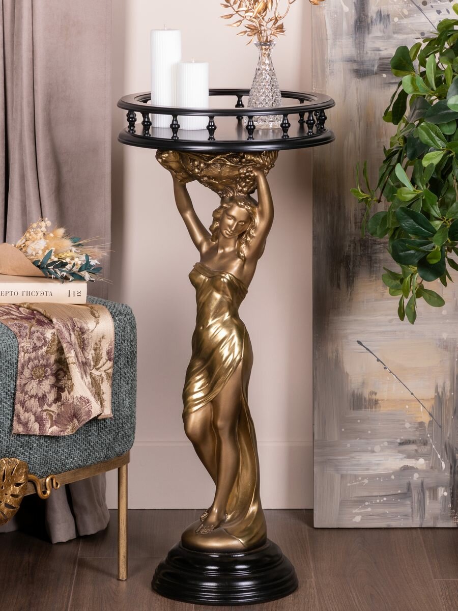 Купить Декоративная подставка BOGACHO Валерия бронзовая со столешницей диаметром 34 сантиметров с бортиками
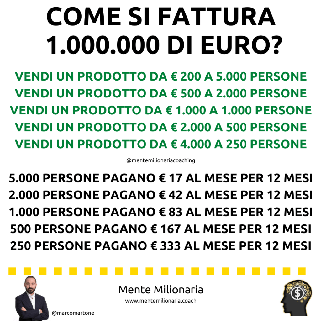 È palese che più è alto il prezzo del prodotto o del servizio e meno vendite dobbiamo effettuare per raggiungere l’obiettivo di fatture un milione di Euro! Più è alta la nostra reputazione e più possiamo chiedere! Ora, senza entrare nel merito del tempo, perché l’obiettivo può essere realizzato in 6 mesi come 3 anni, ciò che è importante è che sia possibile! E lo è se si riesce ad arrivare ad un certo numero di persone! Il grandissimo vantaggio dell’imprenditoria online è proprio questo, il mercato potenziale a cui puoi arrivare con i tuoi prodotti e servizi è enorme!
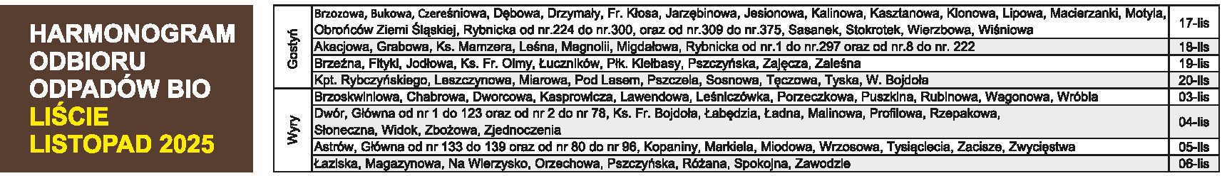 Liście będą odbierane w workach, zgodnie z terminami określonymi w harmonogramie odbioru odpadów komunalnych w 2025 roku.
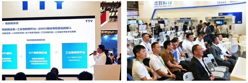 “數(shù)字化物聯(lián)網(wǎng)課堂”現(xiàn)場也吸引了大批觀眾到場傾聽鞋類面部成套智聯(lián)解決方案。
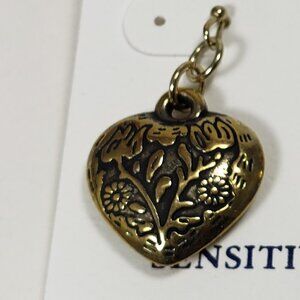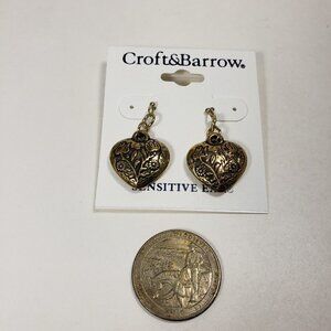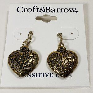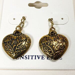 These gold-tone embossed heart design drop earrings are a charming addition to your jewelry collection. Measuring 1 inch in length, the earrings feature a beautifully detailed heart design, adding a touch of elegance and romance to any outfit. Perfect for casual wear or a special occasion, these earrings will enhance your style effortlessly.
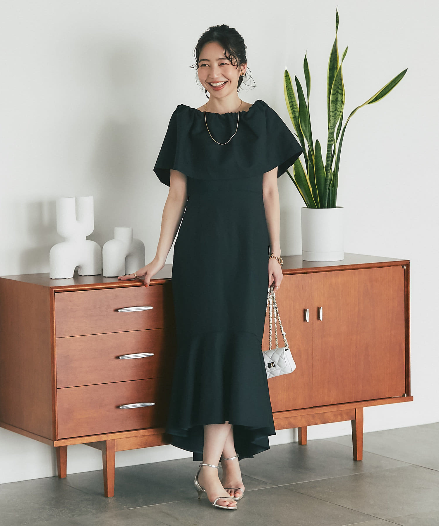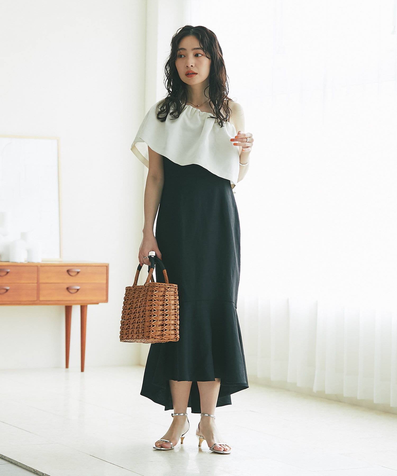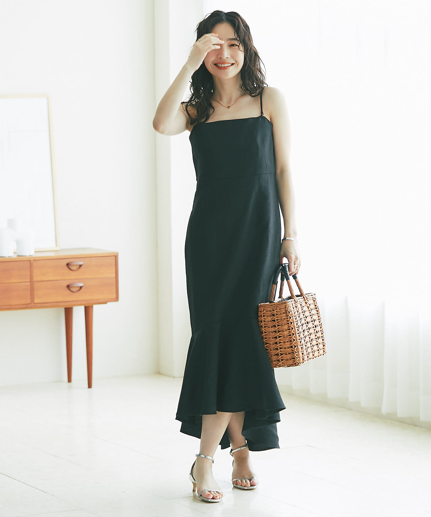 取り外し可能のフリルが付いたマーメイドシルエットのキャミワンピース
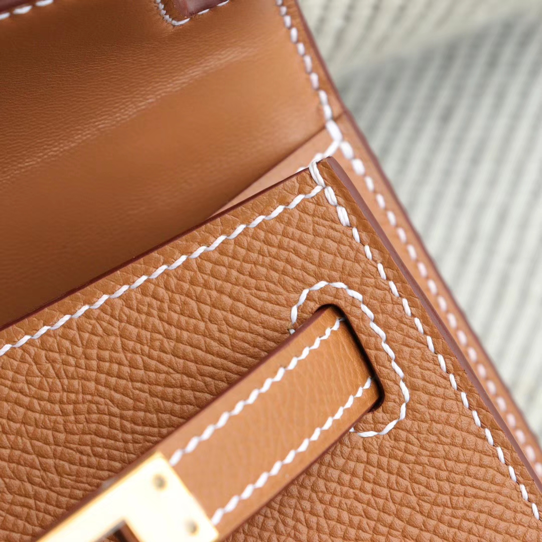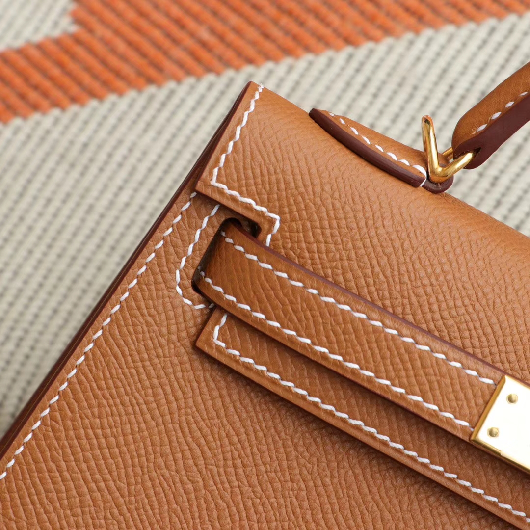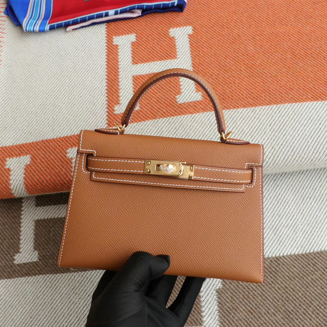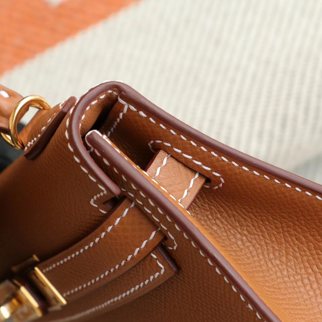 Guangzhou Baiyun Leather Goods City HERMES Ck37 Golden Brown with Gold Buckle Minikelly II, Original Factory Epsom Leather, Pure Hand-stitched
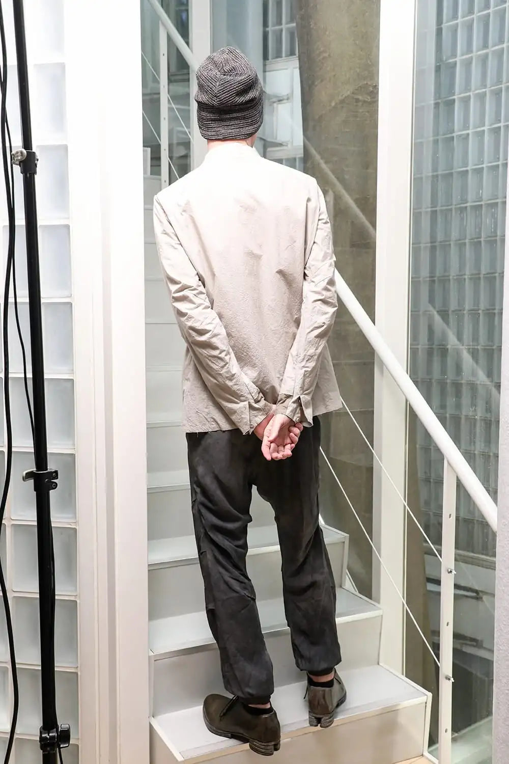 The fabric used for the outer layer is a blend of cotton and hemp, produced in Shizuoka, a region known for shirt fabric production in Japan.
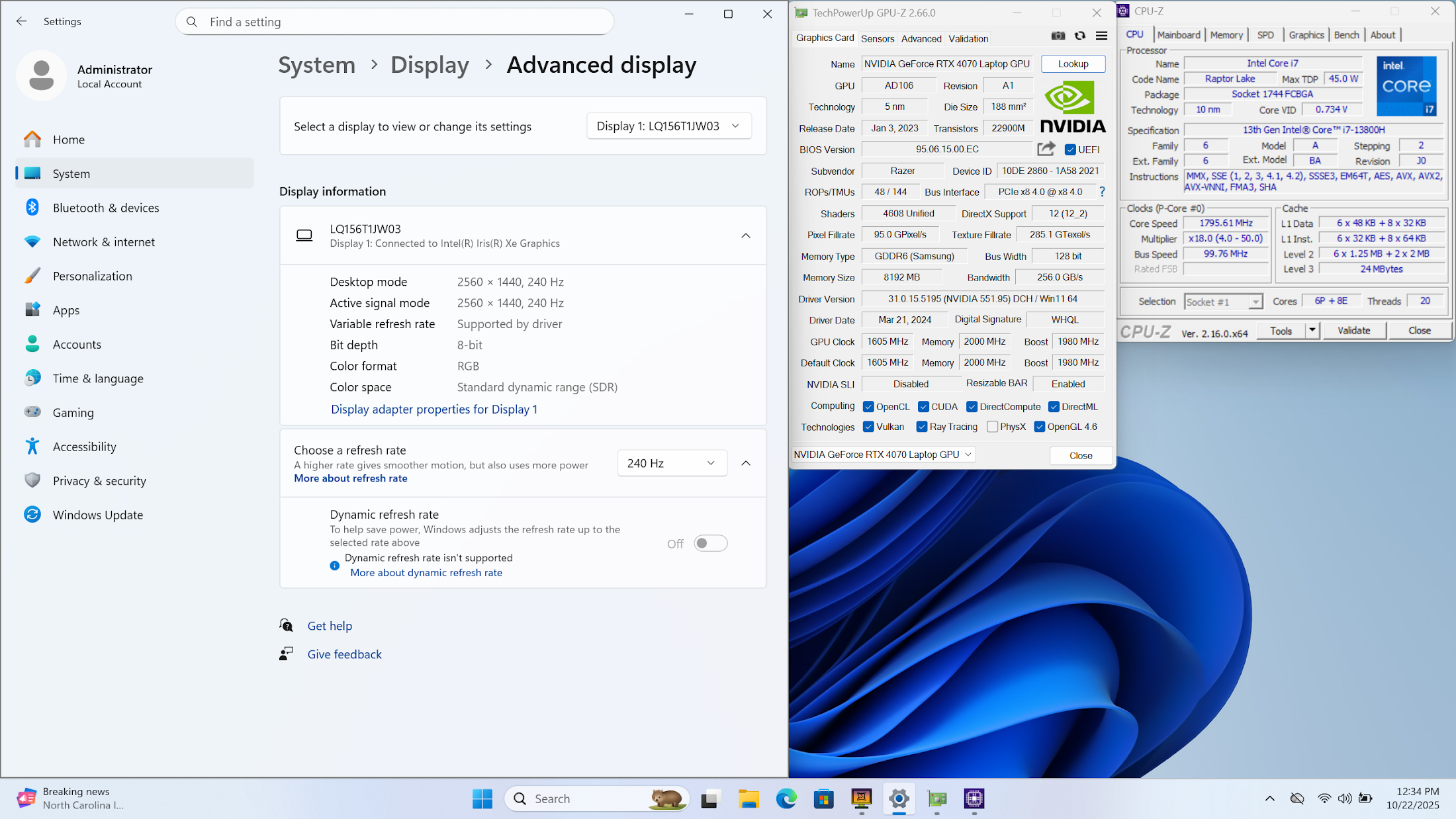 Razer Blade RZ09-0485Z 15" QHD I7-13800H 2TB 32GB W11 RTX 4070 GPU RGB 240Hz

Exercise
Please set down the records exactly, and keep every image out of the copy.

Exercise answer
 Купить Декоративная подставка BOGACHO Валерия бронзовая со столешницей диаметром 34 сантиметров с бортиками
 È palese che più è alto il prezzo del prodotto o del servizio e meno vendite dobbiamo effettuare per raggiungere l’obiettivo di fatture un milione di Euro! Più è alta la nostra reputazione e più possiamo chiedere! Ora, senza entrare nel merito del tempo, perché l’obiettivo può essere realizzato in 6 mesi come 3 anni, ciò che è importante è che sia possibile! E lo è se si riesce ad arrivare ad un certo numero di persone! Il grandissimo vantaggio dell’imprenditoria online è proprio questo, il mercato potenziale a cui puoi arrivare con i tuoi prodotti e servizi è enorme!
 Liście będą odbierane w workach, zgodnie z terminami określonymi w harmonogramie odbioru odpadów komunalnych w 2025 roku.
 “數(shù)字化物聯(lián)網(wǎng)課堂”現(xiàn)場也吸引了大批觀眾到場傾聽鞋類面部成套智聯(lián)解決方案。
 These gold-tone embossed heart design drop earrings are a charming addition to your jewelry collection. Measuring 1 inch in length, the earrings feature a beautifully detailed heart design, adding a touch of elegance and romance to any outfit. Perfect for casual wear or a special occasion, these earrings will enhance your style effortlessly.
 取り外し可能のフリルが付いたマーメイドシルエットのキャミワンピース
 Guangzhou Baiyun Leather Goods City HERMES Ck37 Golden Brown with Gold Buckle Minikelly II, Original Factory Epsom Leather, Pure Hand-stitched
 The fabric used for the outer layer is a blend of cotton and hemp, produced in Shizuoka, a region known for shirt fabric production in Japan.
 Razer Blade RZ09-0485Z 15" QHD I7-13800H 2TB 32GB W11 RTX 4070 GPU RGB 240Hz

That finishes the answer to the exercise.